I was a young, aspiring writer when I decided to leave everything behind and move to Istanbul more than two decades ago. I rented a tiny, dingy flat at the bottom of the Street of Cauldron Makers not far from Taksim Square, the heart of the modern city. That first night, I sat by the window under the anaemic light from a streetlamp, and wondered what this urban sprawl held for me. At midnight, I heard a loud voice from outside, full of anger and emotion. A transvestite was walking down the street, her miniskirt glittering in stark contrast to her raven hair.

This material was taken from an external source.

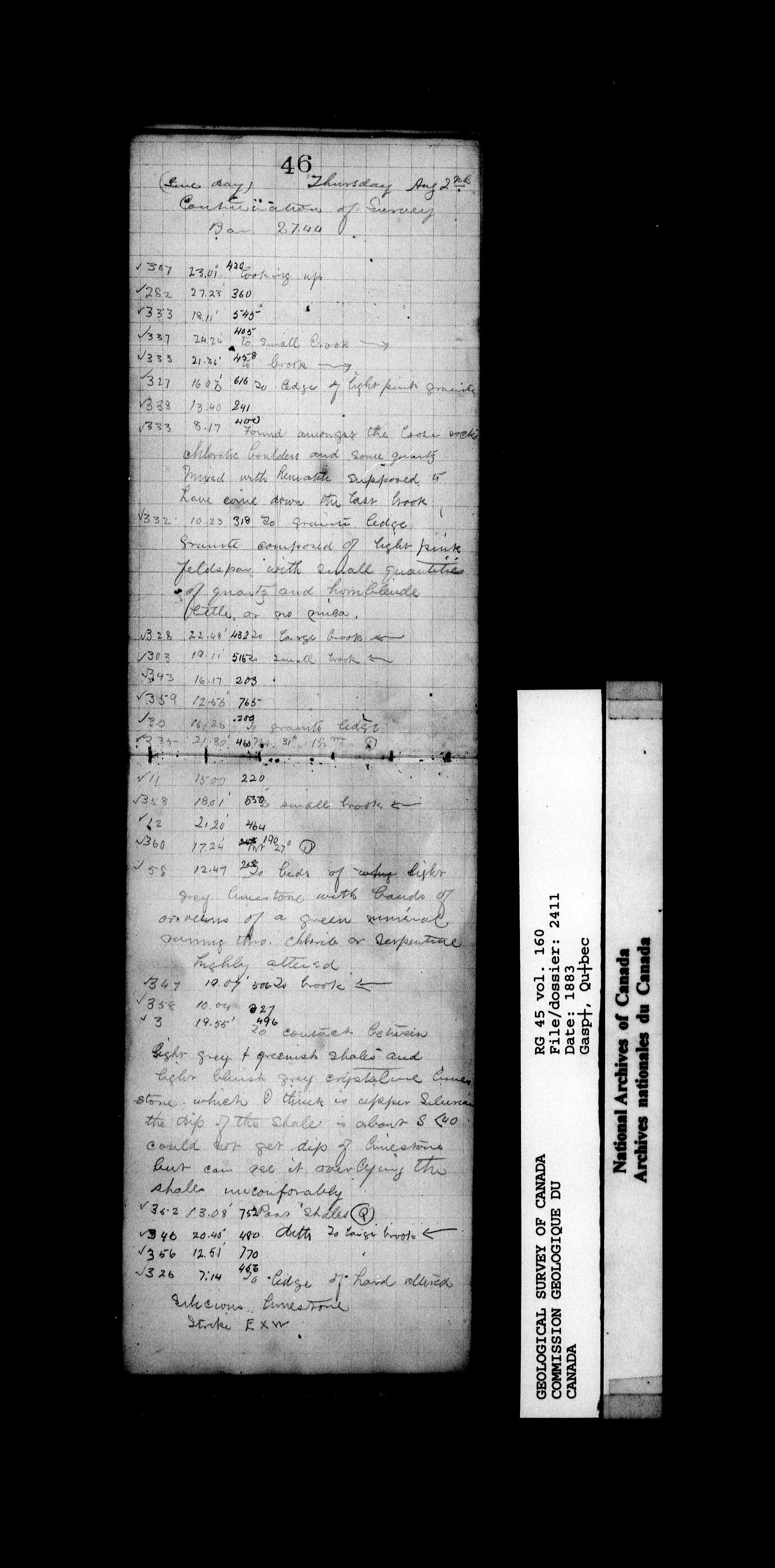 Field notebooks kept by surveyors in the employ of the Geological Survey of Canada while on field trips in various parts of Canada (1842-1900) - 20196

She was limping furiously, holding in one hand a shoe with a broken heel. The other shoe she insisted on wearing. She was swearing at someone called Kareem, swearing and weeping, but soon her fury was directed at all men and then, suddenly, at the city of Istanbul itself. I opened the window and said a few friendly words, trying to communicate with her. She waved her hand dismissively. As I watched her disappear down the street, I remember thinking to myself what a terrific city this must be where not only exhaust fumes and cigarette smoke but also profanities reached the skies; and what a painful place, too, this must be where transvestites cried alone at night.

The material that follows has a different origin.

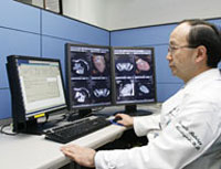 慶應義塾大学病院では、 4列MDCTによる冠動脈CTを2000年から開始しています。MDCTが衝撃的デビューをした1998年から、わずか2年後のことです。以後、心臓CTは8列、16列MDCTへと進み、2005年1月にはアジア地域で初めて、GE社製64列MDCT「LightSpeed

There is no Istanbul. There are Istanbuls — plural, competing, coexisting, clashing. The complexity of the city’s story is revealed in mesmerising detail in Bettany Hughes’s new book. At times her writing feels like a love letter, or a eulogy to what has been lost. Her compassion for the city and its millions of inhabitants, past and present, comes across from the very first pages. It is quite rare to read a historical book that weaves research and insight with understanding and love: here is a book written as much with the heart as the mind.
Hughes embarks on a Heraklean task, ‘using clues in the landscape to tell a story of this city from prehistory to present’.